相馬:多分。次が最後の舞台になるよ。親父
相馬:他のやり方もあると思う。全部うちあけて、残りの人生平穏に過ごすのも、どっかの企業で朝から晩まで働くのも、夢を追いかけるのも。だいたい全部一緒だろ。一回きりの人生、どーせ棒に振るなら、俺は舞台の上に居たい」
0:場面転換
0:街中
西条:「今年は皆でお墓参り、行けなかったね」
国城:「忙しいからな。しゃーない。
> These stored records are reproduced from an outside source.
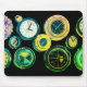 A collection of watch and clock faces on a computer desktop mousepad.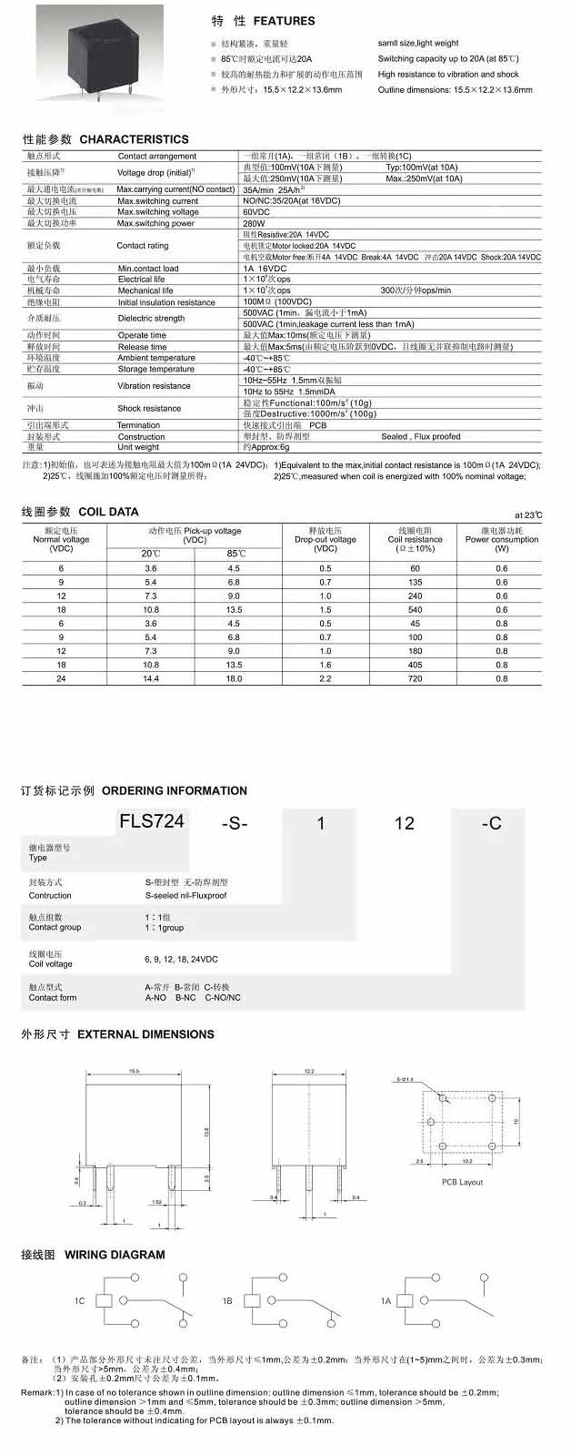 FLS820-15,汽車繼電器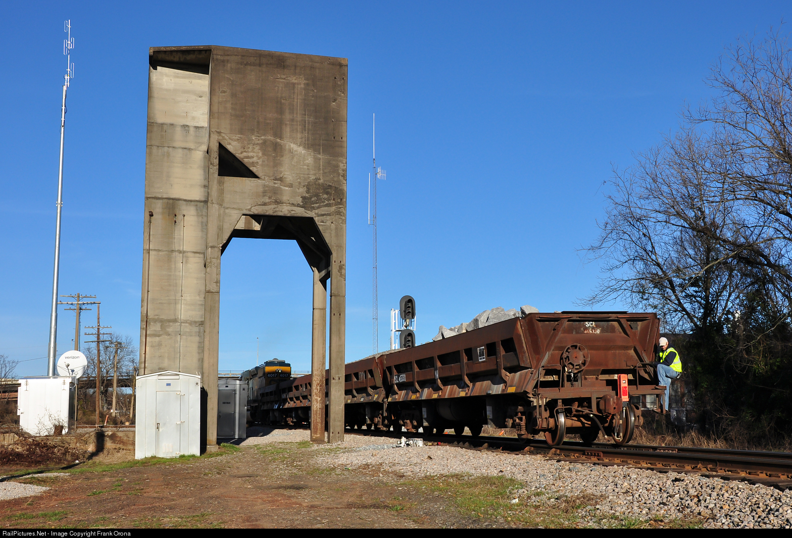 | Holding onto what little grab irons there are on a Difco dump gondola, the conductor of A746 keeps a 3 point stance as he rides the shove maneuver to place these gons or riprap into the Opelika siding for a runaround move. The lone engine of A746 will then take these cars south back to Notasulga as they complete their day of work. Of note is the new PTC antenna and CTC signal boxes along with a Verizon dish that have joined the veteran Western Railway of Alabama coaling tower at the Opelika interlocking. |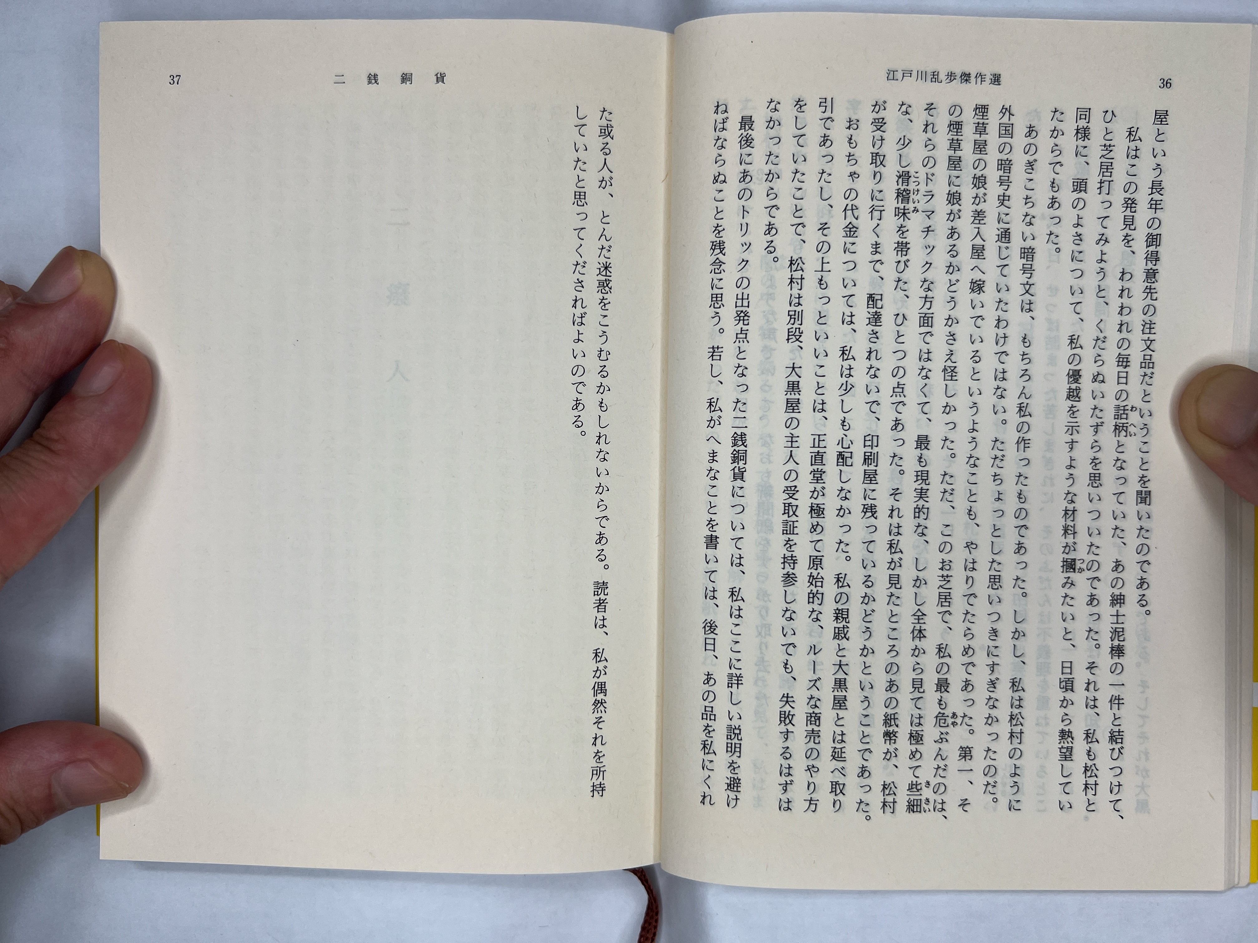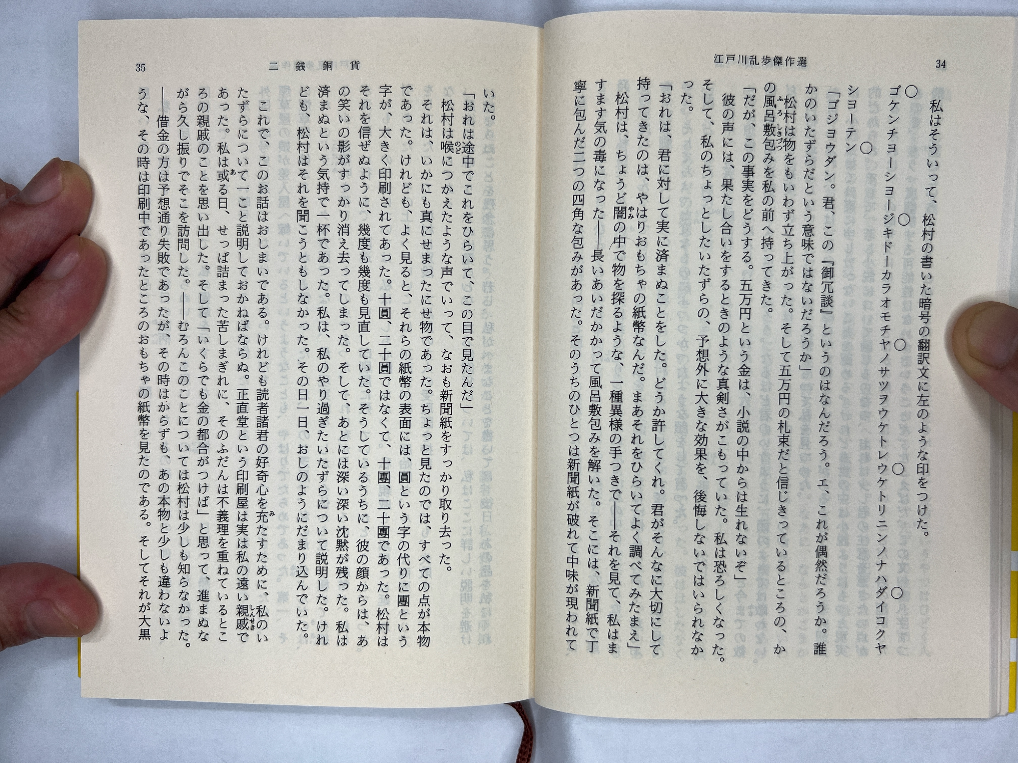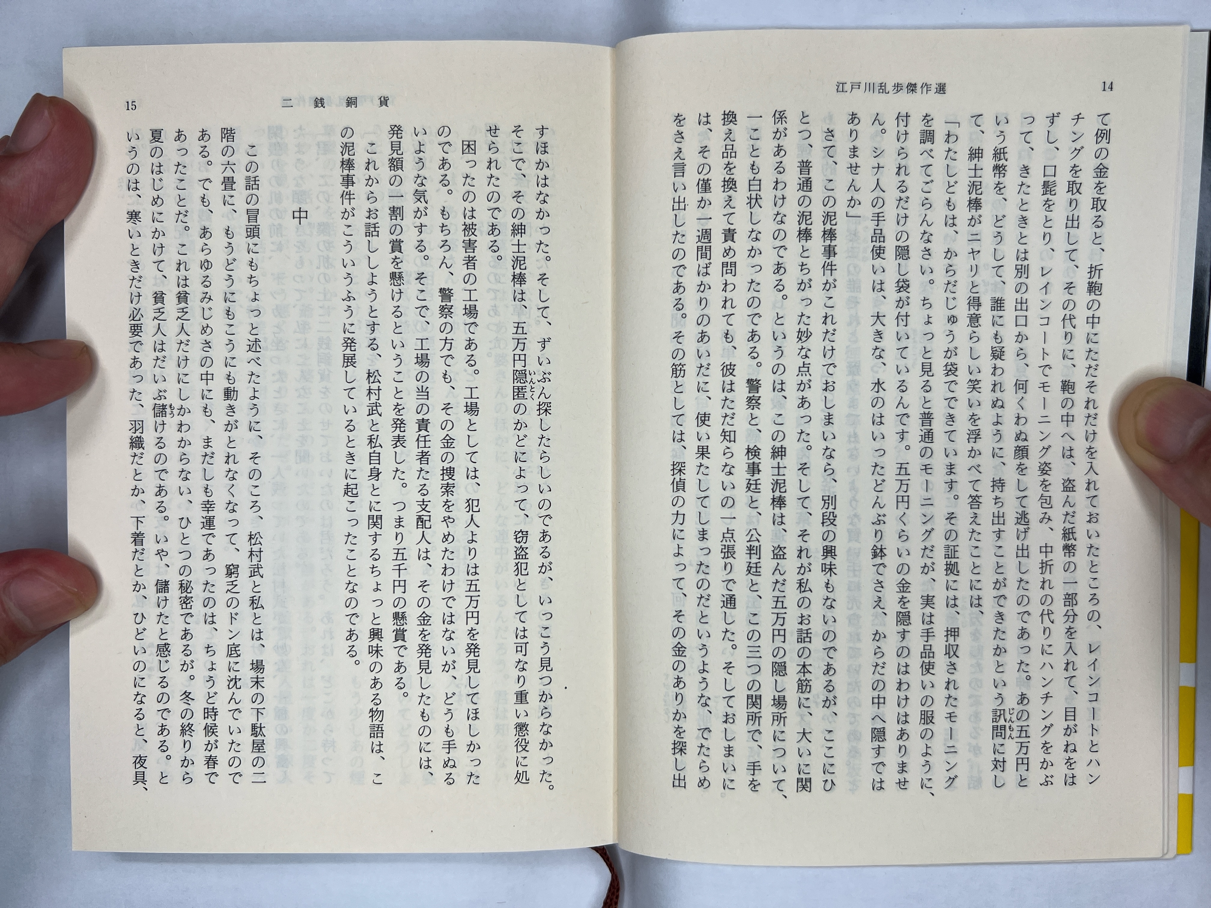 江戸川乱歩傑作選 著:江戸川乱歩 https://www.shinchosha.co.jp/book/114901/ より 「二銭銅貨」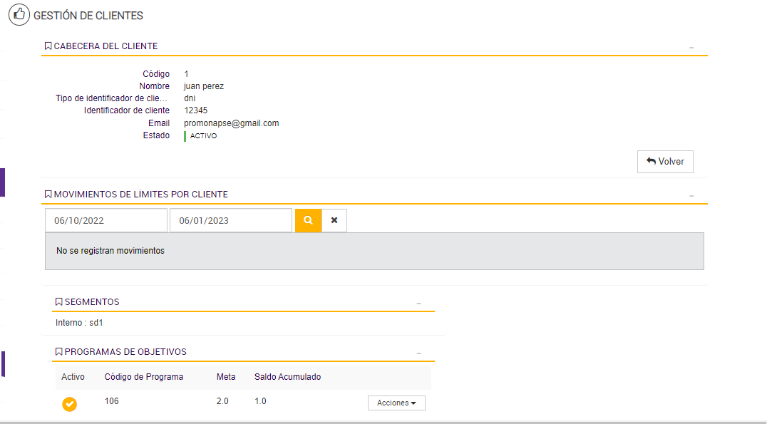 Al concluir el período de mayo, el sistema analiza el total de compras acumuladas por Javier y detecta que no alcanzó el objetivo correspondiente a su segmento actual. De acuerdo con la configuración del programa, debería ser reubicado en el Segmento 2, que exige un menor nivel de consumo.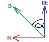 נערוך תרשים לשדה המגנטי המגנטי הנוצר מכדור הארץ - BE. לשדה המגנטי הנוצר מהסילונית - BI ולשדה המגנטי השקול - B.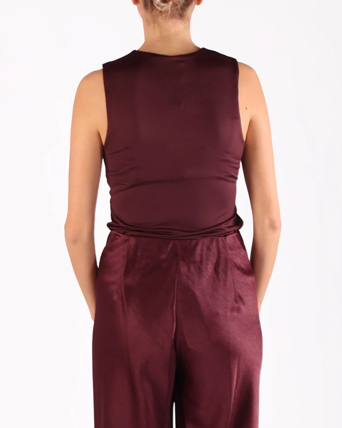 Dit bordeauxrode, mouwloze zijden topje van Vince is gemaakt van rekbaar en glanzend materiaal, wat zowel comfort als een verfijnde uitstraling biedt. De luxueuze stof valt prachtig en creëert een elegante en flatterende silhoeet. Perfect voor zowel als bovenlaag of om alleen te dragen, dit veelzijdige stuk kan moeiteloos van dag naar nacht worden gedragen en voegt een verfijnde touch toe aan je garderobe.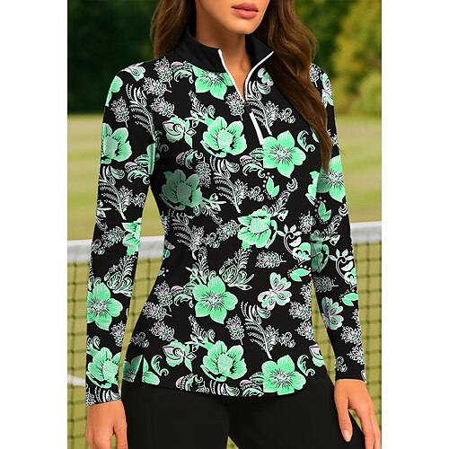 Per donna Piante Floreale Tropicale Motivo Floreale Top Polo da golf Maglia da tennis Manica Lunga Stampato Zip a un quarto Pullover Protezione UV Elastico Traspirante Tennis Golf Pickleball Collo

」
西条:「そうだね、しょうがない」
西条:「見て界人。じぇーけーだ、じぇーけー。若いなぁ」
国城:「もう長袖着てんのか」
西条:「衣替えの季節だから」
国城:「夏。終わるな」
西条:「うん、終わる。」
0:
音瀬:蝉が鳴き止み、風が涼しくなってきた。